Prince Edward and Artois talk of the chances of an English victory and vow to win by using stones as weapons. The two depart and King John enters, distraught at the poor performance of his men, and recalls the prophecy that they shall be beaten by stones of their own land. Charles enters and tells of how the French are shooting each other down (those that are retreating are being shot down by those who stay and fight), followed immediately by Philip, who tells of the great losses the French have suffered. John vows to perform one last charge against the English and departs with his son. Audley enters, mortally wounded, and orders two esquires to take him to the prince.

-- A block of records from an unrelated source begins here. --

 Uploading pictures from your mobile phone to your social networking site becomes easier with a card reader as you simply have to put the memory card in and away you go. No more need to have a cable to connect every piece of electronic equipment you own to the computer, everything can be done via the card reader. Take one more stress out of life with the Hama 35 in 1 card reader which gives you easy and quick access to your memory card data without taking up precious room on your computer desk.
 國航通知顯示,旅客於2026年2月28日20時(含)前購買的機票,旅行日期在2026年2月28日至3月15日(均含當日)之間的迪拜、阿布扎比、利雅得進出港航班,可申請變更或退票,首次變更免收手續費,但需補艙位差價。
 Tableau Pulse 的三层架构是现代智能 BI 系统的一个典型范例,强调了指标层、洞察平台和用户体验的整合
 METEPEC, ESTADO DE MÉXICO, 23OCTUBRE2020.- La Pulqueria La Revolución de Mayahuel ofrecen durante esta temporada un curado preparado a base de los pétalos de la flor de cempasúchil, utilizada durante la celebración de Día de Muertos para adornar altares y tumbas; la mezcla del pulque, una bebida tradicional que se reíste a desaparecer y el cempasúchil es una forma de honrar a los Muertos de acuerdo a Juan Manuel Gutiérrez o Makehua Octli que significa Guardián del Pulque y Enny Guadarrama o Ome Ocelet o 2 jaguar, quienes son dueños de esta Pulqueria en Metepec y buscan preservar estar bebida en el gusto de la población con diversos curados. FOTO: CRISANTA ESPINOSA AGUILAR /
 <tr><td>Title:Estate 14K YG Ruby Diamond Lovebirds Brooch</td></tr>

Act 4, Scene 7 Setting: Poitiers, the battlefield

Prince Edward enters with King John and Charles as his prisoners, taunting them on his brave victory over a much larger army. Artois then enters with Philip as prisoner, who is also taunted by the prince. At this point, the wounded Audley is brought in, and he and the prince exchange some kind words. The prince rewards Audley's bravery with English lands worth three thousand marks a year, which Audley accepts - only give it to the two esquires who saved him. Prince Edward is content with this and departs for Calais.

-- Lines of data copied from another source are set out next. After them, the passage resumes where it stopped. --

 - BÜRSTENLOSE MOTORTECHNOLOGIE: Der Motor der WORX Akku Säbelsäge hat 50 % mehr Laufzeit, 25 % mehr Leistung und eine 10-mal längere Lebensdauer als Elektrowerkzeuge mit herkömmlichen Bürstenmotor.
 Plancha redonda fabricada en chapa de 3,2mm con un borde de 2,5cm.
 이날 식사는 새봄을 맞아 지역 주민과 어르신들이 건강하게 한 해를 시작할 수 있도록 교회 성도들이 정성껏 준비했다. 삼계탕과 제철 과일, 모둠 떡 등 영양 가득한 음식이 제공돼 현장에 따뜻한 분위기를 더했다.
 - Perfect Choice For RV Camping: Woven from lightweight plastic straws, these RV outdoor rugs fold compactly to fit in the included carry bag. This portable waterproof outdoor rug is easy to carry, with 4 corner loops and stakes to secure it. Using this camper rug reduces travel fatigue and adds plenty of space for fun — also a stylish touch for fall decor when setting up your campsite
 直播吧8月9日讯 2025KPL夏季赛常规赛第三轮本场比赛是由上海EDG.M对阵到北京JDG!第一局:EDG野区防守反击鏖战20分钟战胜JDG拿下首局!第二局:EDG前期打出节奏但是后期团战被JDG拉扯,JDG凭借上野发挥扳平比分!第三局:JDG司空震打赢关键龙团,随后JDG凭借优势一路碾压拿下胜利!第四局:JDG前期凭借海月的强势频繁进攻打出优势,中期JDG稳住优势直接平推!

Act 5, Scene 1 Setting: The English camp before Calais

King Edward and Queen Phillipa stand outside the walls of Calais and argue about the situation with Copland. Edward then threatens to invade the town when a group of French citizens appear and beg for mercy, which the king is reluctant to give. He claims he asked for the richest citizens to appear before him, and these men are not of rank. The French citizens explain that they are men of rank in shabby clothing. Hearing this, Edward decides to spare the town but says these particular men will be executed. Phillipa asks Edward to spare the mens' lives so they may serve him when he is King of France. The king agrees and sends the men on their way. Copland then enters with King David of Scotland as prisoner. When asked why he did not yield up his prisoner to the queen when he was ordered, Copland simply replies that he preferred to bring his important prisoner to the king in person. Edward is pleased by this answer and knights Copland. Salisbury enters and gives the king the coronet he received from Mountford and gives a long description of his capture and of the insurmountable odds he witnessed the prince facing. It is assumed by all that the prince has died in battle, until a herald announces the prince's approach with King John and his sons as captive. The prince presents his father with King John, and Edward reprimands the French king for his disobedience. John asks what his ransom will be and tells of how he misconstrued the prophecy he heard. Edward says he will think of what the ransom will be, but John must accompany them to England first. Prince Edward delivers a patriotic speech, and King Edward says they shall stay in Calais for several days to rest before departing to England to end the play.